• [Information shown]

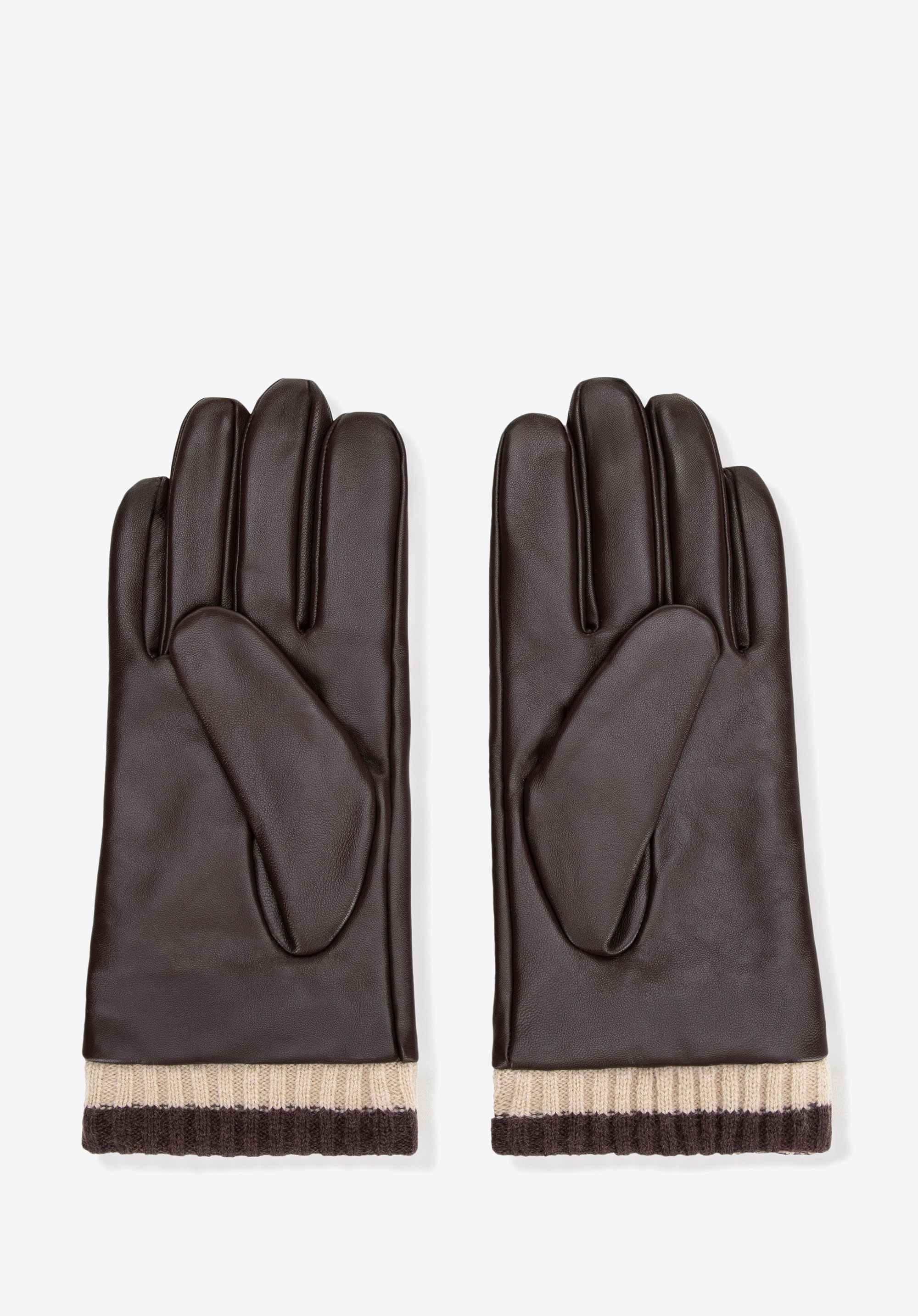 Ці чоловічі рукавички виготовлені з натуральної, м''якої овчини, яка поєднує виняткову ніжність та довговічність. Гладка, мінімалістична форма без прикрас підкреслює позачасовий, елегантний характер виробу. Товста, утеплена манжета, що тягнеться до зап''ястя, ефективно захищає від холоду, забезпечуючи оптимальну ізоляцію та комфорт під час носіння. Тиснений логотип виробника створює непомітний акцент, демонструючи високу якість та увагу до деталей. Це поєднання класичної естетики з практичним теплом, яке ідеально підходить для повсякденного зимового стилю.
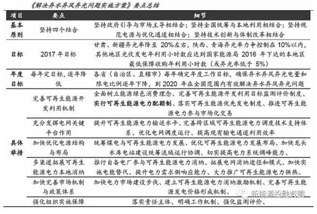 《解決棄水棄風(fēng)棄光問題實(shí)施方案》發(fā)布。2017年11月13日,國家能源局、國家發(fā)改委正式下發(fā)《解決棄水棄風(fēng)棄光問題實(shí)施方案》(以下簡稱《方案》),明確按年度實(shí)施可再生能源電力配額制,并在2020年全國范圍內(nèi)有效解決棄水棄風(fēng)棄光問題。方案共13頁,內(nèi)容達(dá)27條之多,解決“三棄”(棄水棄風(fēng)棄光)問題的難度可見一斑。我們認(rèn)為《方案》主要有以下三個亮點(diǎn):(1)制定了2017年的目標(biāo),并提出各地要逐年下調(diào)目標(biāo),以在2020年全國范圍內(nèi)有效解決“三棄”問題;(2)明確按年度實(shí)施可再生能源電力配額制,并明確了配額的考核主體;(3)再次重申解決“三棄”問題的重要性。
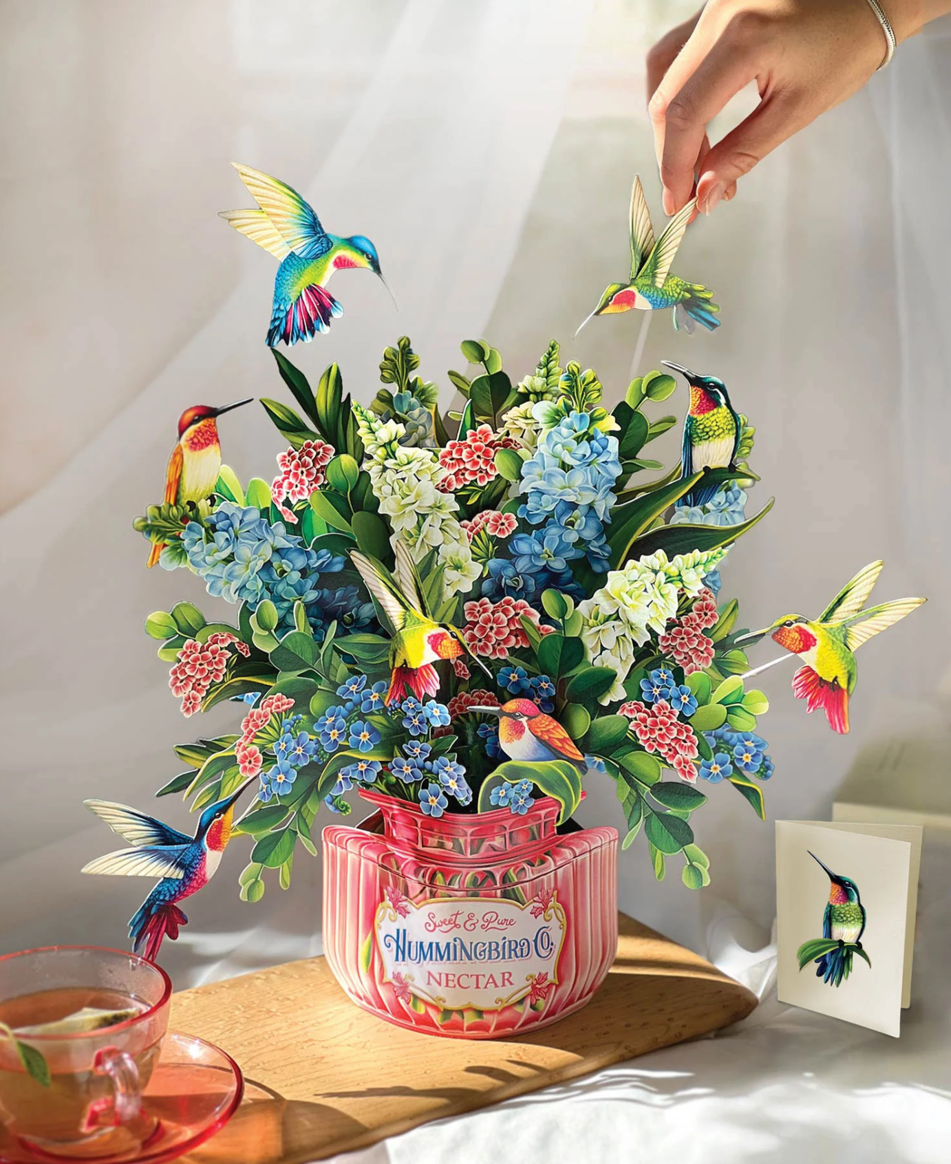 Buzzing with joy, six sky-bound hummingbirds flutter gracefully in vivid hues, brought to life by FreshCut Paper’s innovative wire design, which creates a stunning hovering effect.
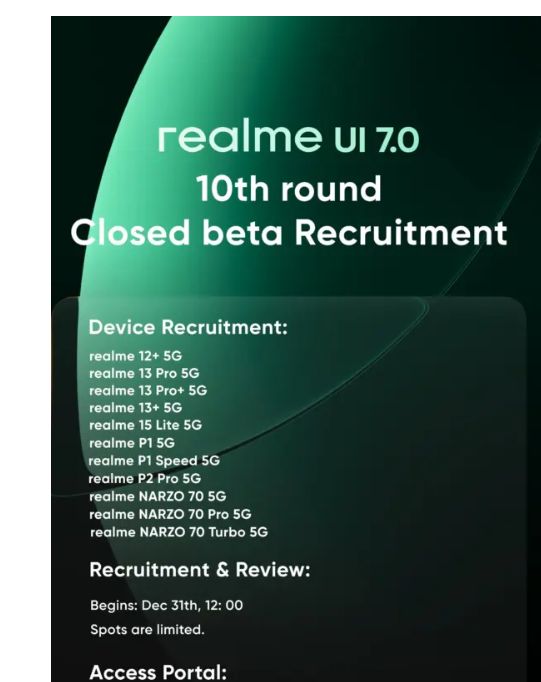 أعلنت شركة ريلمي عن النسخة التجريبية لتحديث Realme UI 7.0، مضيفةً بذلك أحد عشر هاتفًا ذكيًا جديدًا إلى القائمة. تشمل هذه الهواتف لطرازين من سلسلة Narzo، وهواتف من سلسلة P، وكشفت الشركة عن إصدارات البرامج الثابتة المطلوبة لتشغيل هذه الأجهزة ضمن البرنامج التجريبي.
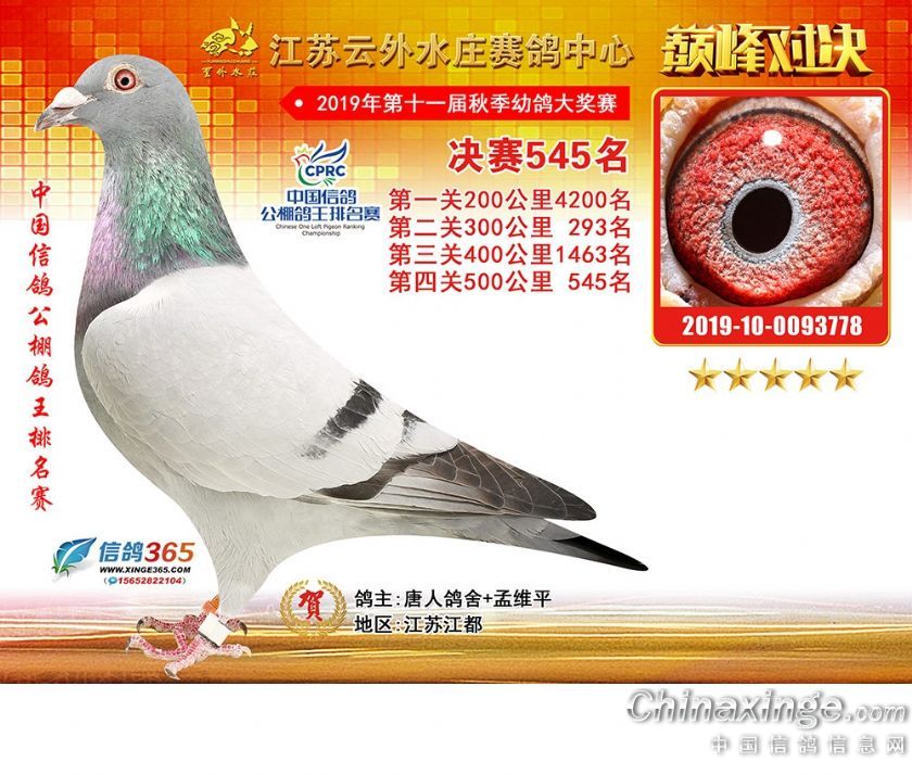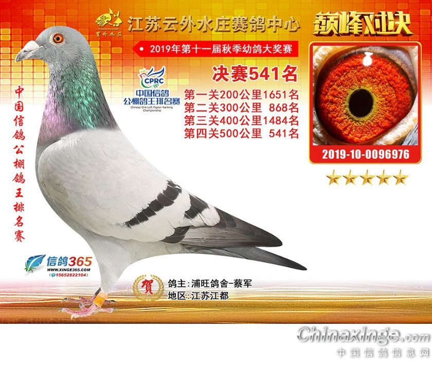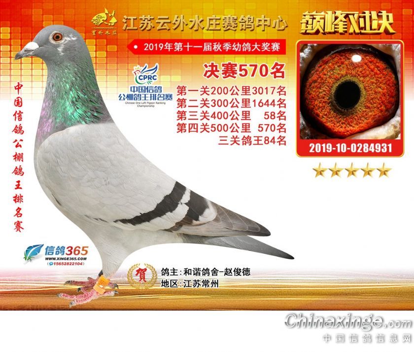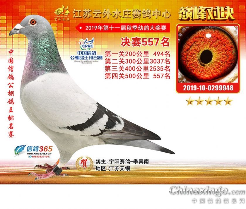 江苏云外水庄赛鸽中心2019年获奖鸽541-570名

• [Work task] Would you give again, exactly as written, the lines from the one containing "Buzzing with joy, six" through the end of the records, with no pictures and no other lines?

• [Answer]
 Buzzing with joy, six sky-bound hummingbirds flutter gracefully in vivid hues, brought to life by FreshCut Paper’s innovative wire design, which creates a stunning hovering effect.
 أعلنت شركة ريلمي عن النسخة التجريبية لتحديث Realme UI 7.0، مضيفةً بذلك أحد عشر هاتفًا ذكيًا جديدًا إلى القائمة. تشمل هذه الهواتف لطرازين من سلسلة Narzo، وهواتف من سلسلة P، وكشفت الشركة عن إصدارات البرامج الثابتة المطلوبة لتشغيل هذه الأجهزة ضمن البرنامج التجريبي.
 江苏云外水庄赛鸽中心2019年获奖鸽541-570名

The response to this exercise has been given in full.